The emerging US-Iran deal is sending fears down the local market that the cards are flipping, with Tehran winning influence over both Washington and the regional agenda, after two and a half years of Israel steadily weakening Iran and its proxies.
Israeli officials are bitterly opposed to the deal’s terms, which they criticize for resolving none of the war’s key goals — notably, eliminating Iran’s nuclear and ballistic missile programs, and creating the conditions for the fall of the regime.
The memorandum of understanding between the US and Iran also constrains Israeli action against Hezbollah in Lebanon, a fiat that Jerusalem has vowed to defy.
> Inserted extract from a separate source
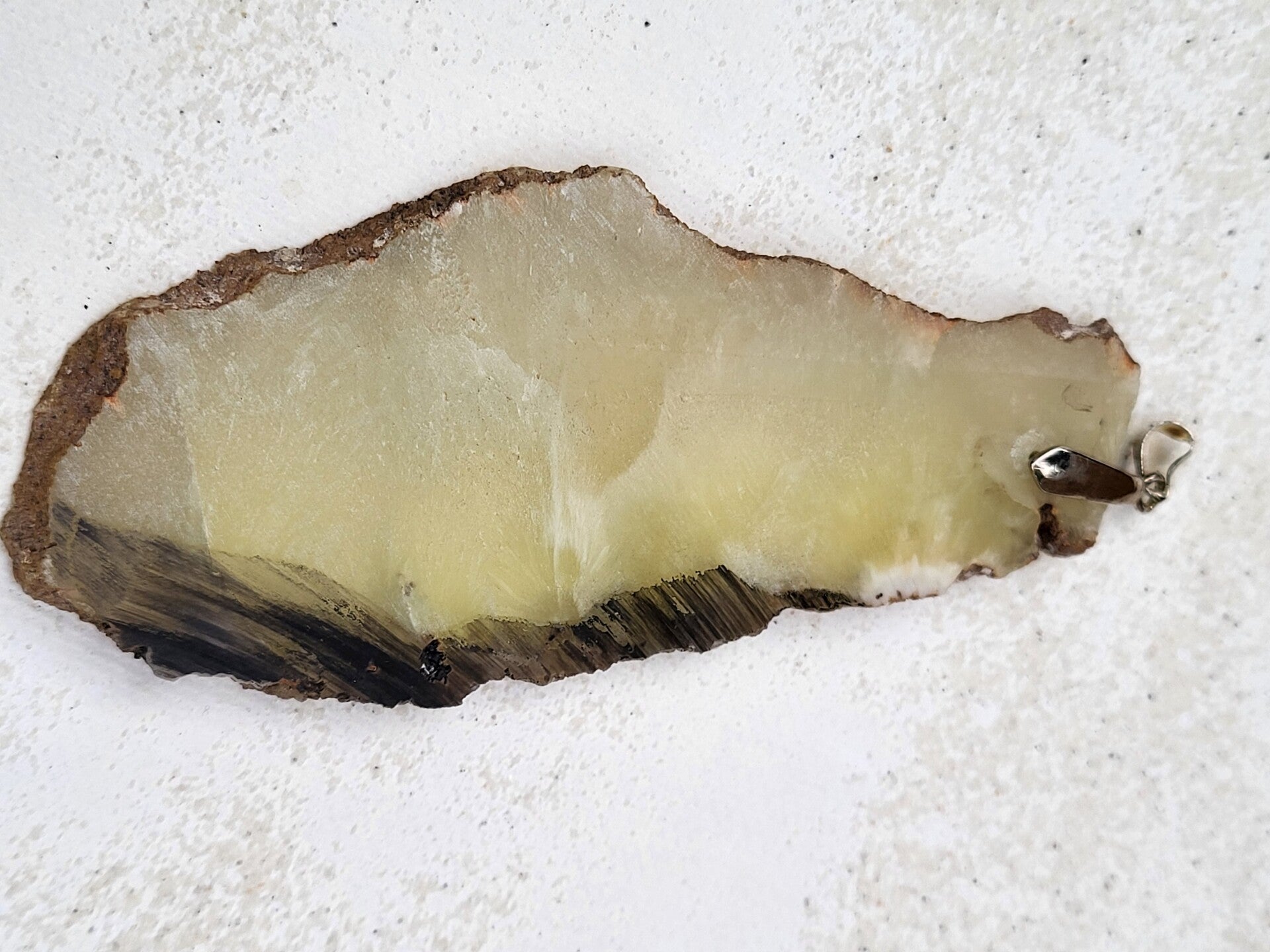 Grote hanger prehniet 102x40x4mm zelf gemaakt: zagen, slijpen ism lichtwereld

To many in Israel, the rhetoric coming out of Washington, Israel’s most important long-time ally, has been strikingly unsympathetic to the country’s concerns, placing them below a desire to get the global economy back on track.
“There is a sentiment that Israel’s hands are tied amid pressure from the US and a slight falling out of a relationship with President Trump, our strongest ally, so this realization that the war didn’t change Israel’s long-term geopolitical risk element is what causes a partial reversal, because the Israeli stock is still up year to date rather nicely,” Katz remarked.
The Tel Aviv Stock Exchange’s TA-125 index dropped 4.9% last week and is down almost 8% so far this month. The benchmark index is still up 11.4% from the start of the year, a rise that was driven by optimism for an end to hostilities in the region and an improved geopolitical environment.
The TA-35 index of blue-chip companies slipped 4.6% last week, trimming its gain since the start of the year to 14%. The TA-90 index, which tracks the shares with the highest capitalization not included in the TA-35 index, fell 5.9% and is up a mere 1.9% this year. On Monday, the TA-35 declined 0.4%, and the TA-90 sank 2%.
“The overconfidence during the war was exaggerated, and what looks to be the gloom and doom of the past week seems also to be exaggerated,” Katz said.
During the same period, in the US, the S&P 500 index rose 0.9%, and the Nasdaq composite jumped 2.4%.
“This is a wake-up call that the geopolitical reality is less optimistic,” said IBI Investment House chief economist Rafi Gozlan. “The positive momentum in the local market has deflated.”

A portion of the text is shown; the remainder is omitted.